Modoc County Historical Museum
- Location: Alturas, California, United States
- Coordinates: 41°28′46″N 120°32′31″W﻿ / ﻿41.4795°N 120.542°W
- Type: History museum
- Collections: Modoc County history Native American United States military
- Founders: Marc and Myrtle Bellis

= Modoc County Historical Museum =

The Modoc County Historical Museum is a history museum located in Alturas, California, in the United States. The museum's exhibitions focus on the history of Modoc County beginning with Native American history and objects. The museum also has a collection of firearms from 15th century up to World War II. Outside the museum is Southern Pacific 2718, a steam locomotive that was used in the area.

==History==

The main collection base for the museum was started in 1926 by Marc and Myrtle Bellis from Alturas. They first started collecting Native American and pioneer objects, and photographs and papers. They bought the gun collection of Nathan Rogers in 1932, a collection which stems back to 1870. The couple had a private museum in their attic. In 1966 the collection was purchased by a group of businessmen from Alturas. They hoped to open a museum, and in 1967 Modoc County bought the collection. The collection was located at the Veterans Memorial Building at Rachael Dorris Park. In 1968 it opened to the public. An expansion took place in 1984.

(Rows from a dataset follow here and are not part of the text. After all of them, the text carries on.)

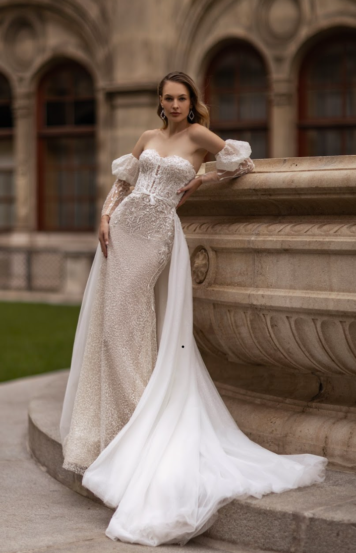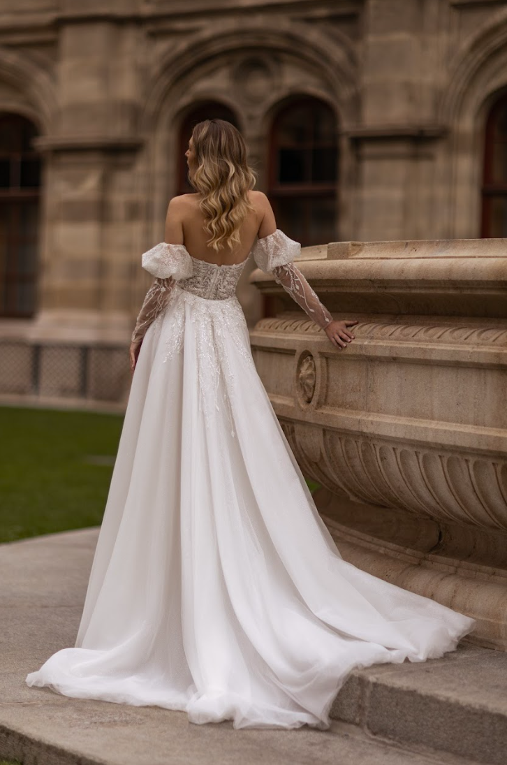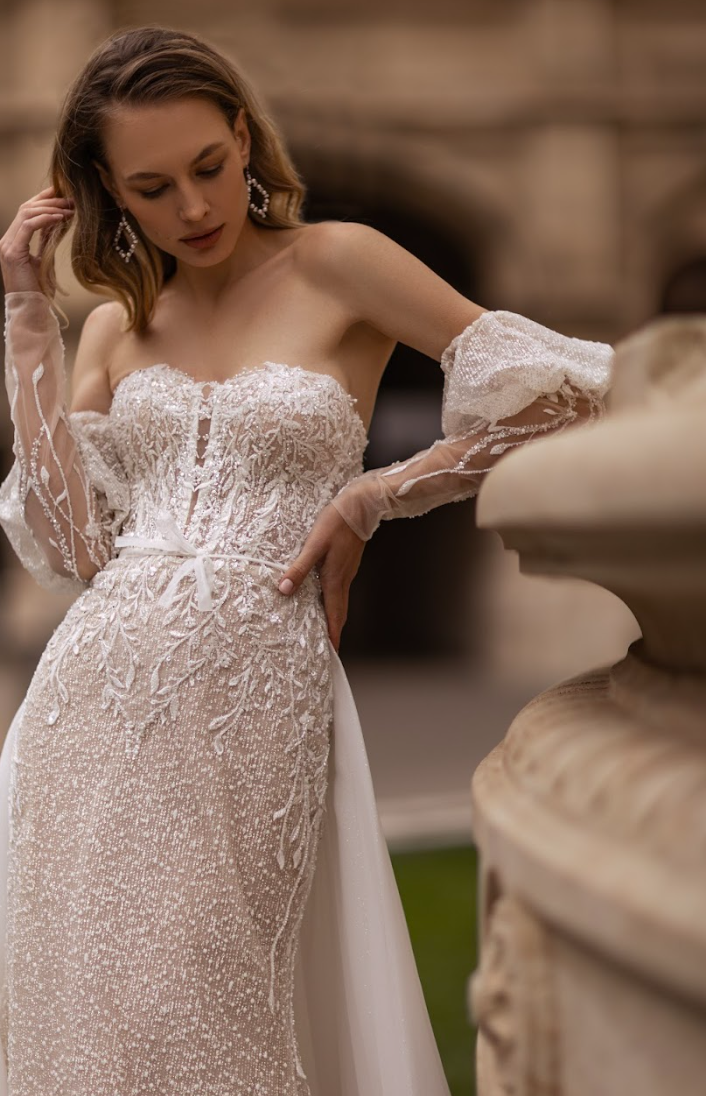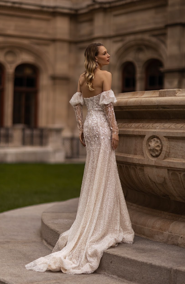 The Elisavette features a figure-sculpting silhouette adorned with intricate hand-embroidered lace and delicate shimmering beadwork that cascades across the bodice and hips. The off-the-shoulder illusion neckline melts into sheer, detachable long lace sleeves — a romantic touch that offers two breathtaking looks in one. Every floral motif and bead is meticulously placed, creating a soft, glistening finish that catches the light with every movement.
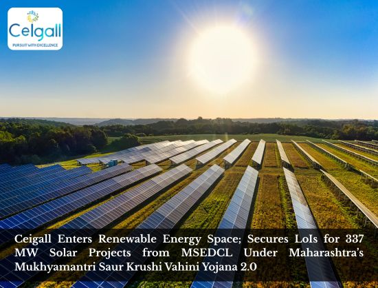 Ceigall India has entered the renewable energy sector with two LOIs from Maharashtra State Electricity Distribution Company (MSEDCL) to develop 337 MW of solar power projects under Maharashtra’s Mukhyamantri Saur Krushi Vahini Yojana 2.0.
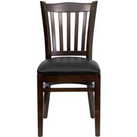 TOUGH ENOUGH SERIES VERTICAL SLAT BACK WALNUT WOOD RESTAURANT CHAIR - BLACK VINYL SEAT: FREE SHIPPING!
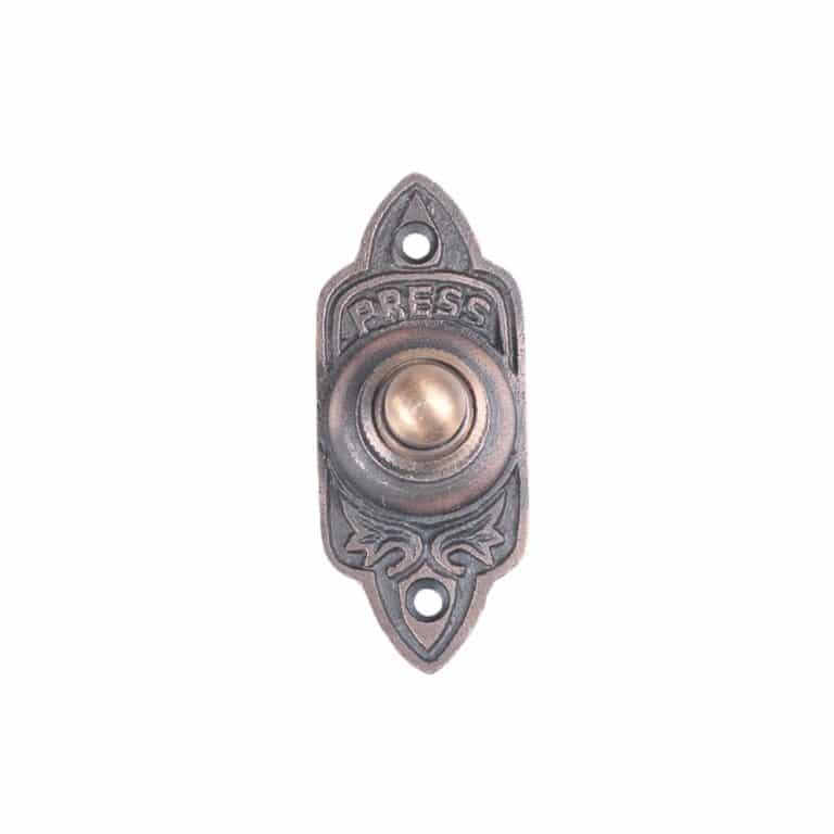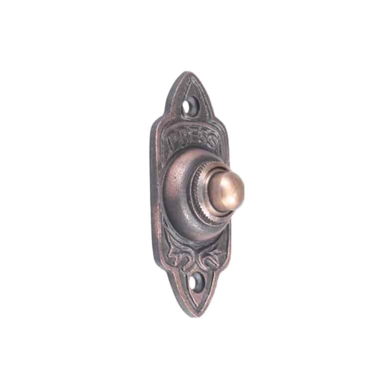 This reliable push-button old copper finish doorbell will look great at your entrance. An elegant focal point for your entryway, this old copper-colored Door Bell Button made of cast brass, exudes timeless charm. Its rich, warm hue complements any traditional or vintage aesthetic, while the intricate detailing adds a touch of sophistication, the art deco influence is there. With a satisfyingly solid feel, this button invites guests to announce their arrival in style.
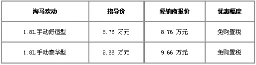 隨著年末的臨近,明年的購置稅新政成為城中話題。近日新政策公布,明年優(yōu)惠收縮至75折,讓不少觀望的朋友緊張起來。車天下編輯從昆明合達(dá)獲悉,為滿足消費(fèi)者年底購車的迫切希望,現(xiàn)推出海馬歡動1.8L全系車型免購置稅活動。具體車型及詳細(xì)優(yōu)惠政策,如下表:
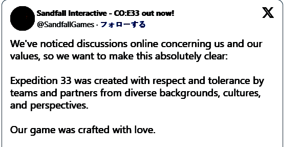 ·Sandfall Interactive强调了《光与影:33号远征队》是一支有这多样文化背景以及不同价值观的多元化团队打造的游戏,不希望游戏被当作传播仇恨的工具。

==Collections and exhibitions==

The Modoc County Historical Museum has one of the largest collections of firearms in California. Early guns include a 15th-century blunderbuss. Exhibitions touch on the migratory bird hunting history of the region and showcases 10-gauge shotguns and a large three-gauge shotgun. A Marlin Ballard 40-90 caliber with a cartridge approximately 4 inches long. The museums collection of Native American objects is larger than its firearm collection. It has objects as old as 8,000 years old. The collection showcases the lives and history of three regional communities: the Pit River Tribe, the Modoc, and Paiute people. Other parts of the collection include objects from other Indigenous peoples of the Great Basin.

The museum also has a small collection of United States military objects including items from the United States Cavalry, World War I and World War II. Another small collection consists of various colored glass jars and bottles used in World War I, made from selenium owing to glass shortages in Europe. The museum also has railroad clocks, an Estey Organ, pipes and lighters, an iron lung, woodworking tools, cattle brands, Chinese bottles, clothing and animal skins.